Homestyle Chicken and Rice
Serves: 4
  • 3 tblsp olive oil
  • 2 carrots, peeled and chopped
  • 2 stalks of celery, chopped
  • 1 small onion, peeled and chopped
  • 2 garlic cloves, peeled and chopped
  • 4 cups chicken broth (homemade is best but store bought is just fine; go with low sodium)
  • 2 cups brown rice (to make this dish even quicker you can use quick cooking brown rice)
  • salt and pepper to taste
  • 1 cup half and half
  • 1 lb. of cooked chicken, cubed
  • ½ cup shredded cheddar
  • cheese
  • 2 green onions, sliced small
  1. Heat olive oil in a medium/large stockpot.
  2. Add carrots, celery, and onion. Saute until softened, stirring occasionally.
  3. Add garlic and cook for one more minute.

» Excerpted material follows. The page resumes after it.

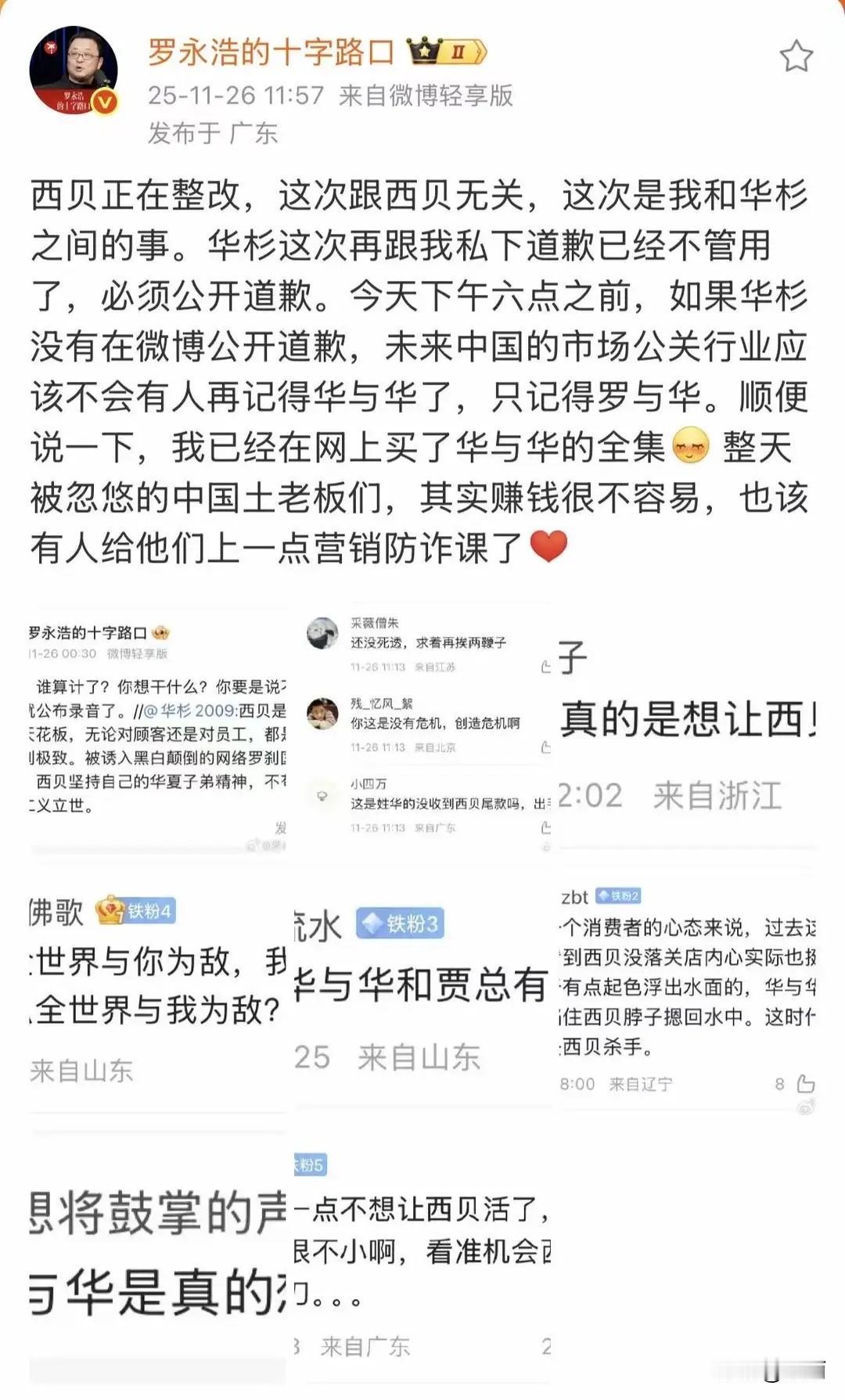 罗永浩生大气了。“今天下午6点之前必须道歉”!“这是我和华衫之间的事”!罗永浩火力全开,这次矛头不是对准西贝的,而是华与华的老板华衫。 原因是,华衫说西贝是被人算计了。这句话惹毛了罗永浩。 如果说上次罗永浩怼西贝还有所保留的话,这次却来势汹汹。 他表示,上次华衫私下道歉已经原谅他了,这次不行了如果华杉没有在公开道歉,未来中国的市场公关行业应该不会有人再记得华与华了。暗指华与华就是诈骗,他要给买过华衫服务的老板们上一堂营销防诈课。

  4. Season to taste with salt and pepper.
  5. Add brown rice and toast in pot with vegetables for 2 minutes, stirring occasionally.
  6. Now add chicken broth and bring to a simmer with lid on; cooking for 10 minutes.; stirring occasionally.
  7. Add half and half and 1 lb. of chicken. Only heat through; do not boil as cream may separate or curdle
  8. Garnish with shredded cheddar cheese and green onion.
  9. Serves a family of 4 but we always have left overs. This is fabulous the next day too!
  10. **You can add more chicken broth at the end of you like more of a soupy consistency.